Después del recorrido por los murales vamos al salón en donde tienen todos los materiales para empezar el trabajo. Hay canecas de pintura, rodillos, plantillas, escaleras, carpas para la lluvia, impermeables y un ambiente de compañerismo y colaboración. Muchos días aquí son días de lluvia. David, el director del proyecto, me dice con una voz que transparenta un resfriado, que es muy difícil trabajar en estas condiciones. Hay lugares inaccesibles, con mucha maleza y desniveles abruptos y en tiempo de lluvia se ponen muy peligrosos. Uno se entera del color, de las formas, del contenido hecho un gran mural. Apenas hay algo velado ahí, entre pájaros y mandalas, de las horas de trabajo, de la larga espera a que el clima ceda, del tiempo de preparación y logística para hacer posibles las intervenciones. Uno se acostumbra a encontrar y a desear todo ya hecho, con esa mala conciencia que siglos de producción técnica nos ha impreso. En el trabajo de estos jóvenes se sospecha un proceso a la inversa. Esos murales funcionan como el interminable tejido de Penélope: Por cada puntada, o pintada en este caso, hay una palabra que hila hacia atrás, que se pregunta por el ovillo original.
En un rincón del salón hay una gran rueda de madera que confundo con la base de una mesa. Es una mandala que acompañará la fachada de uno de los murales que quedan por elaborar. Está hecha de materiales reciclados, botellas de vidrio, baldosa y todo lo que se pueda rescatar de la basura.
— ¿Qué es un mandala y qué significa para este proyecto? —
“Casi todos los mandalas que hemos elaborado están hechos sobre mesas de comedor. Yo venía trabajando con una serie de piezas de comedor. Me encuentro preguntándome cuál es la relación más fuerte que hay dentro de una casa. Y de allí salen varias cosas: La relación del alimento y la relación social. Y me doy cuenta que el comedor es un espacio tanto para alimentar el cuerpo como para socializar.
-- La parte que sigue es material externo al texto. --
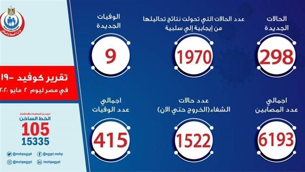 وذكر أن إجمالي العدد الذي تم تسجيله في مصر بفيروس كورونا المستجد حتى اليوم، السبت، هو 6193 حالة من ضمنهم 1522 حالة تم شفاؤها وخرجت من مستشفيات العزل والحجر الصحي، و 415 حالة وفاة.

Nace de una casualidad, pero una casualidad que uno empieza a conceptualizar y a encontrarle relaciones. Las mandalas tienen una relación muy fuerte. Hablan de la armonía, de la sanación, de la espiritualidad. Curiosamente nosotros también hemos trabajado con espirales. Entonces nos encontramos con la casa, el comedor, el alimento, lo social, y nos encontramos con una mandala.Entonces dijimos, “hay que hacer unas mandalas, que empiecen a hablar a los espacios”.
Ya son las dos de la tarde y la lluvia continúa. —Hoy no se pudo trabajar muchachos— dice David, así que en asamblea general se decide ir a ver la final de la Copa del Mundo, con un poco de bronca por el clima y porque la Selección Colombia no llegó a la final.
Después, en medio de un merecido almuerzo que nos prepara la mamá de Fabio, me voy enterando o, más bien, me voy integrando a la forma de llevar las cosas dentro del colectivo. Salvo pasajes ineluctables de tinte burocrático, el clima es de solidaridad y entendimiento. Siento que empiezo a hacer parte de un grupo de vecinos y de grandes amigos. Con el toque de experiencia que cada uno tiene en su campo, se van tejiendo cosas y se arman los aparejos de otras más ambiciosas que quedan por hacer.
Así que decido también ponerme a trabajar. Como mi permanente flojera para los trabajos físicos no me deja ni pensar en montarme en un andamio, pienso que lo mejor es contar lo que vi. Y me voy pensando en cómo contarlo.